Task prompt
Find, in the records below, the line that contains "Зима — це також" and the line that contains "Automatically put a". Copy those two lines and everything between them exactly, but not the pictures.

Listed entries

Content starts

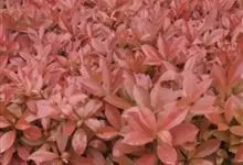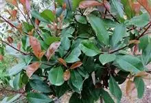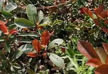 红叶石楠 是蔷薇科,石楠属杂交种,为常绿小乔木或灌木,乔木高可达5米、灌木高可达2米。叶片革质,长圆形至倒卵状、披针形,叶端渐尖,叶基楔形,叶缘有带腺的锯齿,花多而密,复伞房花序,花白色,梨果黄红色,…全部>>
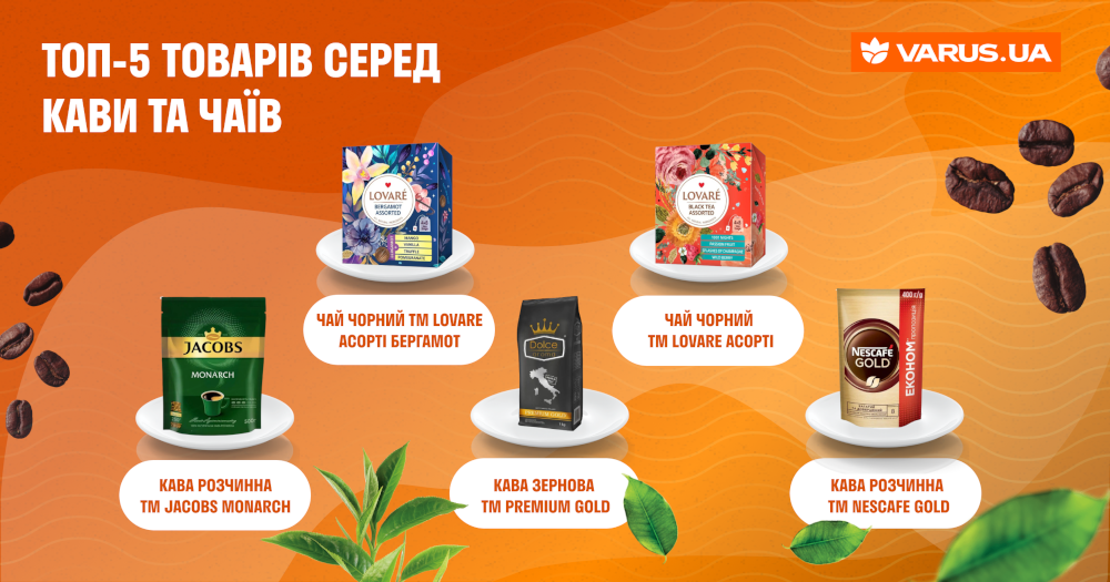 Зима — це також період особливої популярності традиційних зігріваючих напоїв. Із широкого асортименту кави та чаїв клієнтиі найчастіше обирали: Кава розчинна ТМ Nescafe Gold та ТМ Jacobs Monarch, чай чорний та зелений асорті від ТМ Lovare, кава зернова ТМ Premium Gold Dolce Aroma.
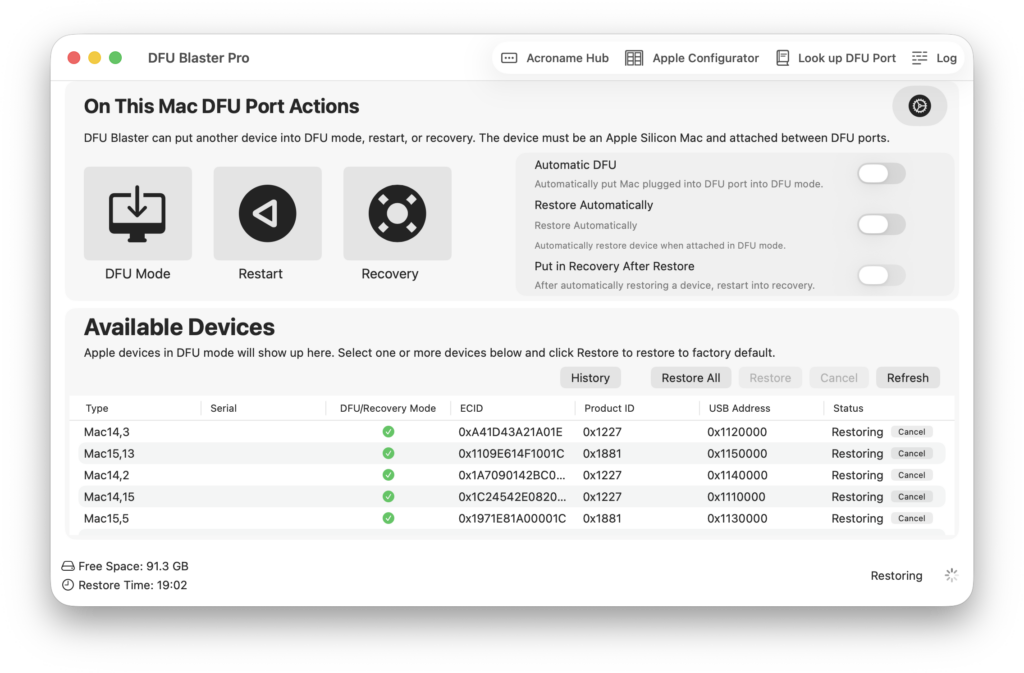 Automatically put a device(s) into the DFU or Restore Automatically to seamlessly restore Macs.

Content ends
Content starts

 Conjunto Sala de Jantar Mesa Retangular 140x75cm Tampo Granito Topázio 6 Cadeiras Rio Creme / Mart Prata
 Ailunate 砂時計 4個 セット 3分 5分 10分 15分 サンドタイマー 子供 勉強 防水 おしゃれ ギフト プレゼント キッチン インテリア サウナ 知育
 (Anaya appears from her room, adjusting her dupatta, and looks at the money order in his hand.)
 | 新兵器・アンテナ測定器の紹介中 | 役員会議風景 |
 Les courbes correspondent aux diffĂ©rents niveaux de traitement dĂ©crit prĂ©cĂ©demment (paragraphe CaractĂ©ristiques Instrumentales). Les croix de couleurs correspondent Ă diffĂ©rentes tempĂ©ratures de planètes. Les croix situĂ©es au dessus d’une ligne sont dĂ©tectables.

Content ends
Content starts

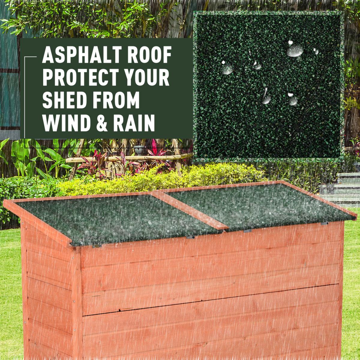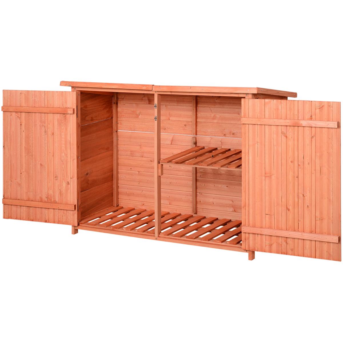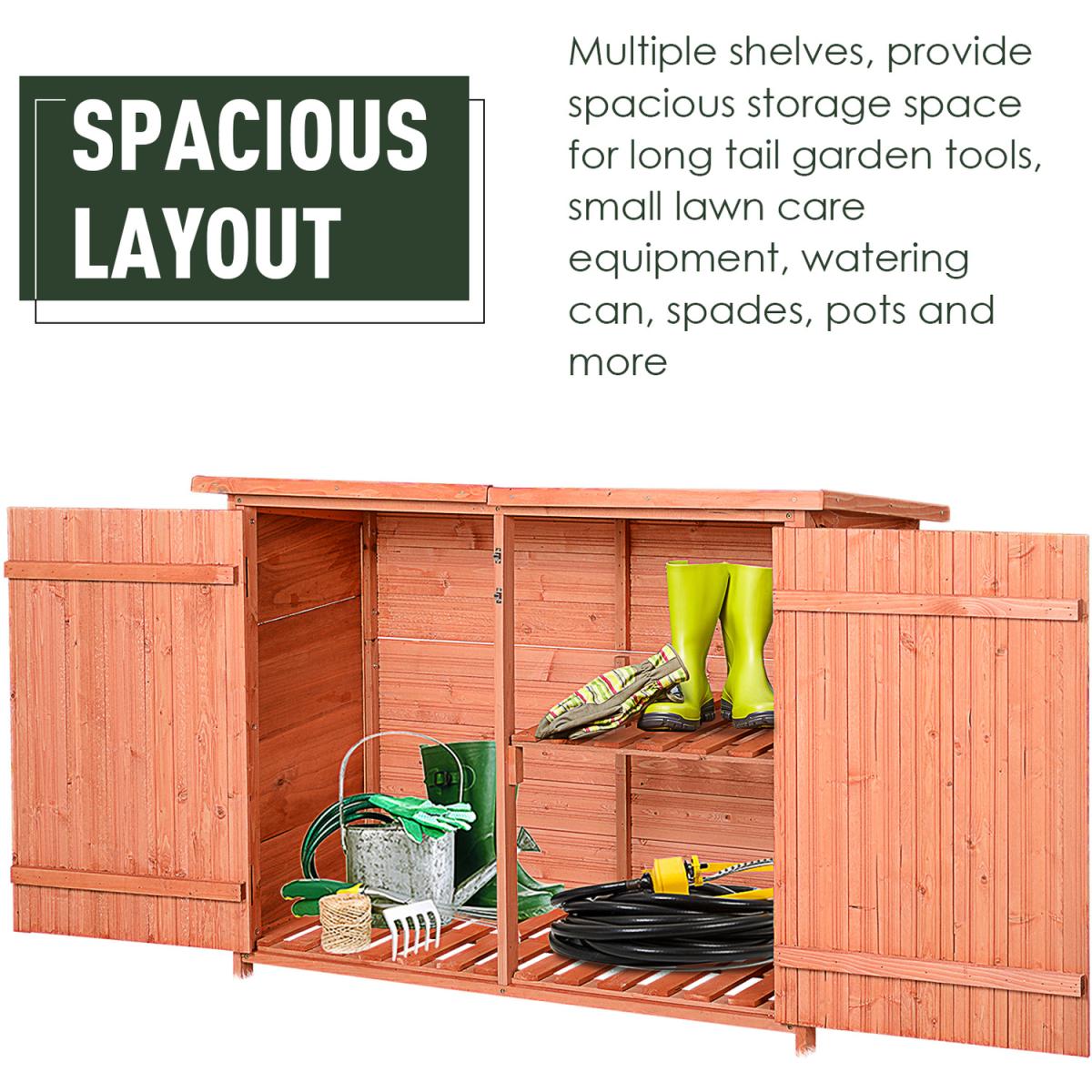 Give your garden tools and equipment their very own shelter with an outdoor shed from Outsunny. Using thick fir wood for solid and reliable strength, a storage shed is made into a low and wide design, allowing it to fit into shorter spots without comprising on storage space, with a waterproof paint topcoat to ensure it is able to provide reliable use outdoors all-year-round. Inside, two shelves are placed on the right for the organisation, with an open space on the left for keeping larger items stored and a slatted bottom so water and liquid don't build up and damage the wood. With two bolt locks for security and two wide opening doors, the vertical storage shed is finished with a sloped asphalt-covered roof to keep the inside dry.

Content ends

Solution
 Зима — це також період особливої популярності традиційних зігріваючих напоїв. Із широкого асортименту кави та чаїв клієнтиі найчастіше обирали: Кава розчинна ТМ Nescafe Gold та ТМ Jacobs Monarch, чай чорний та зелений асорті від ТМ Lovare, кава зернова ТМ Premium Gold Dolce Aroma.
 Automatically put a device(s) into the DFU or Restore Automatically to seamlessly restore Macs.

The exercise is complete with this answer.